For my regular GlobeBlog readers, I do believe an apology is in order: This Post has arrived to you two weeks late, and although I advised a couple of weeks ago that I was going to be spending an extra week completing research on this week's topic, my commitment is to have a new and interesting topic about how we humans work together (see the GlobeBlog's initial Post) every Monday morning.
By way of explanation, the 70-hour work weeks have hit me again, and it looks like I cannot avoid them until at least the end of March. In the future, during these types of cycles (because, I know I will always experience them from time to time), I will be offering up Guest Collections, where I provide a series of interesting Blog Posts around a certain topic or author.
So, without any further delay, let's talk about Servant Leadership, a topic that I became very interested in, but admittedly I hadn't heard much about it until the last few weeks.
In her Harvard Business Review Article on Servant Leadership, Carol A. Walker moves the discussion about Servant Leadership ahead by noting that new managers and leaders who are stepping into these types of roles for the first time would do well to develop "a clear philosophy" of how they will lead. As Ms. Walker says, this "...can provide a firm foundation from which to operate." Ms. Walker puts this into context by reminding us that:
With respect to your career, a philosophy is simply a cohesive way of thinking about your role. Very few people take the time to establish one. Most managers live in a reactive mode, responding to issues based on gut feelings, past experiences, and examples set by others. The success or failure of this approach is often determined by your temperament (some people are naturally more gifted managers than others) and the caliber of your role models—two factors largely out of your control.
Can anyone give me an "Amen"?
So how can this idea of Servant Leadership really help us? Robert Greenleaf first documented the concept more than four decades ago, but it is a concept that has been around for at lot longer. From an organizational management perspective, the concept means that, as Ms. Walker succinctly puts it:
When you have a servant mentality, it’s not about you. Removing self-interest and personal glory from your motivation on the job is the single most important thing you can do to inspire trust.

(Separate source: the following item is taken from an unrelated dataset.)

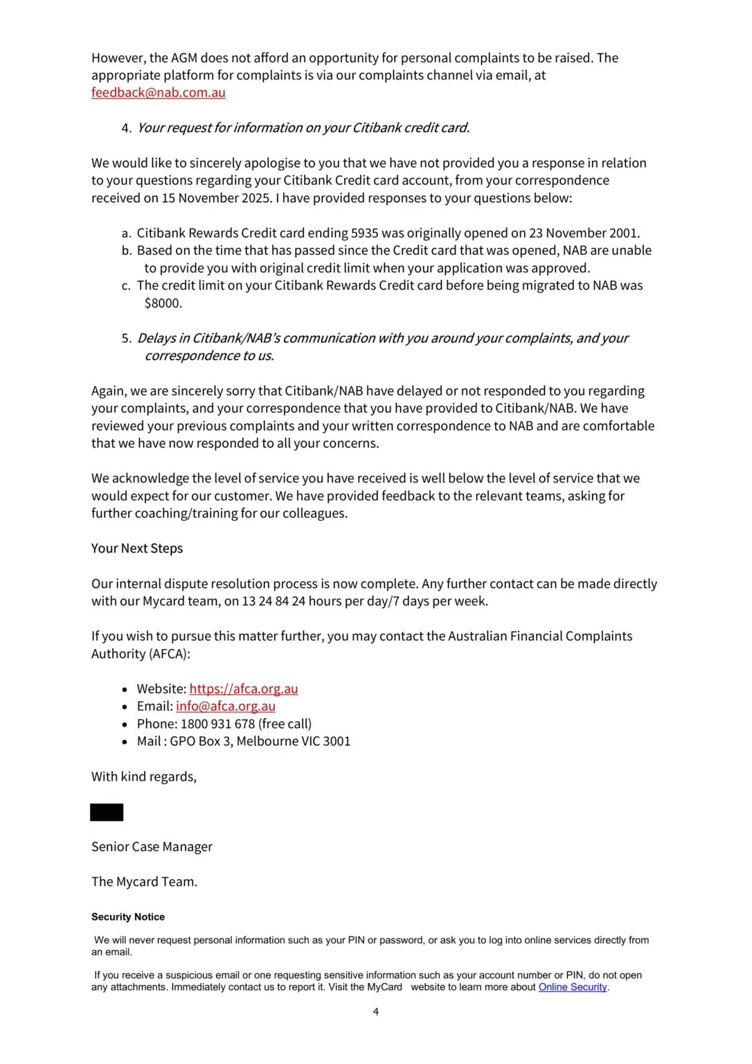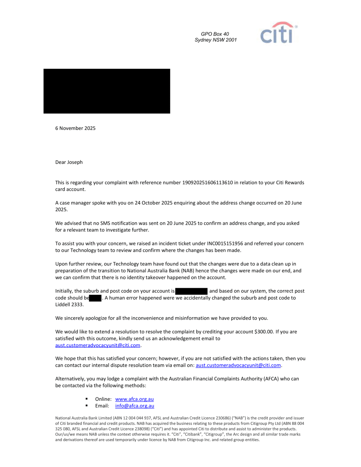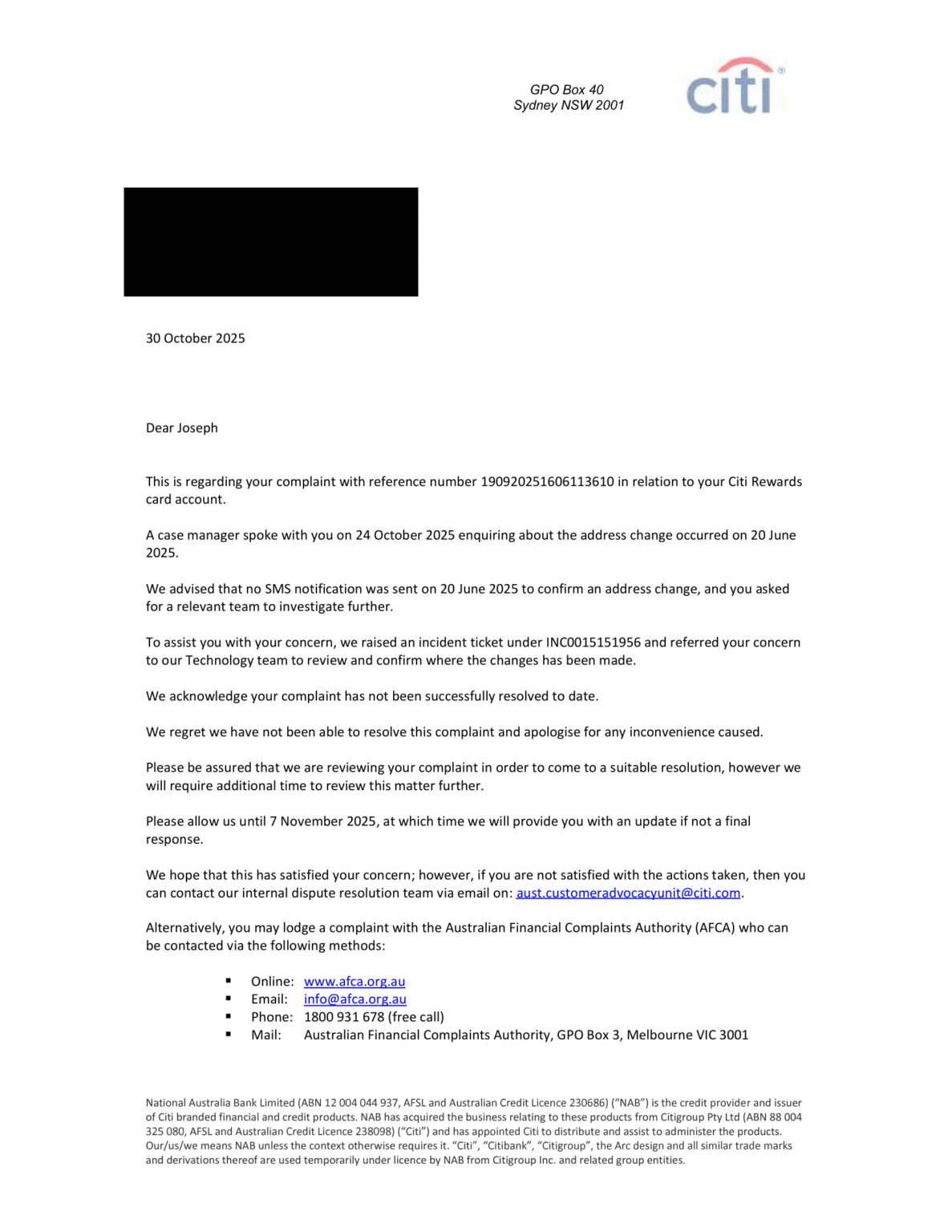CITI Complaint (NAB-ID-01) – Letter-004, dated 6 November 2025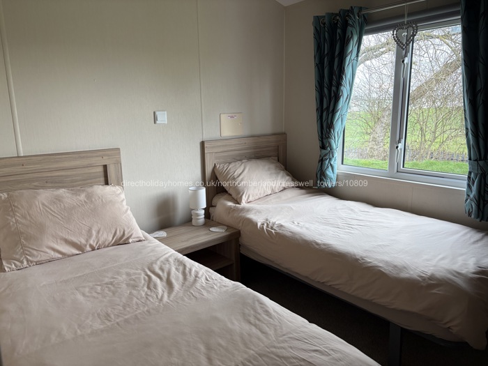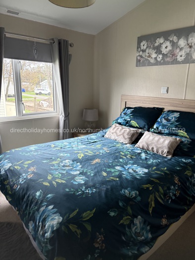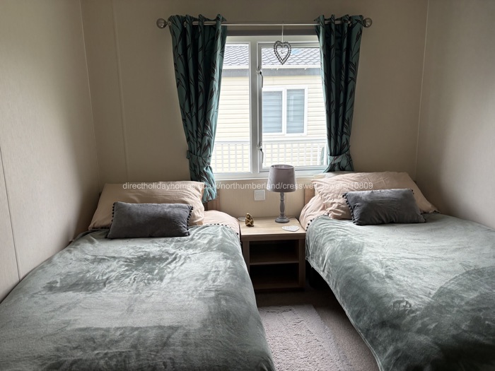 Our dog friendly lodge at Cresswell Towers has 3 bedrooms and sleeps 6 guests. The king size master bedroom has a Smart TV, walk-in wardrobe and en suite shower room. The two twin bedrooms each have two full size single beds, with one of the rooms also having a TV.

When you focus first on the success of your organization and your team, it comes through clearly. You ask more questions, listen more carefully, and actively value others’ needs and contributions. The result is more thoughtful, balanced decisions. People who become known for inclusiveness and smart decisions tend to develop influence far more consistently than those who believe they have all the answers.
Sounds great, but how does this possibly work in practice -- you might ask?
I have been using this approach to managing for most of the last two decades (I just didn't realize it was called Servant Leadership) and it works like this: I facilitate. I do not dictate. I am very clear that the objective that I am working with my team on is the team's objective, and I am around to be "of service," essentially to help the team and the individual team members see their way ahead on their own. Generally speaking, they will need some sort of help along the way, and I will use my experience to help them help themselves. The team cannot be dragged to the finish line. They must get there on their own, and I am supposed to be their guide.
I know you are going to say this all sounds very "Zen," and in fact, in many ways, it is. But this is about getting stuff done, you say. Right. And, as I encourage and hopefully inspire team members to get to their end goals, along the way, we may have to have very direct and calm conversations about how certain things are not going well for certain team members. They will work with me to discover for themselves how they can be more successful in these specific areas, or they will generally -- and, in my experience, this is much more rare in the Servant Leadership model than in more autocratic models -- ask for an exit from the team. People -- myself included -- are generally much tougher on themselves than anyone else would be on them. One of your most important jobs as the Servant Leader is to help team members see the real data about their performance.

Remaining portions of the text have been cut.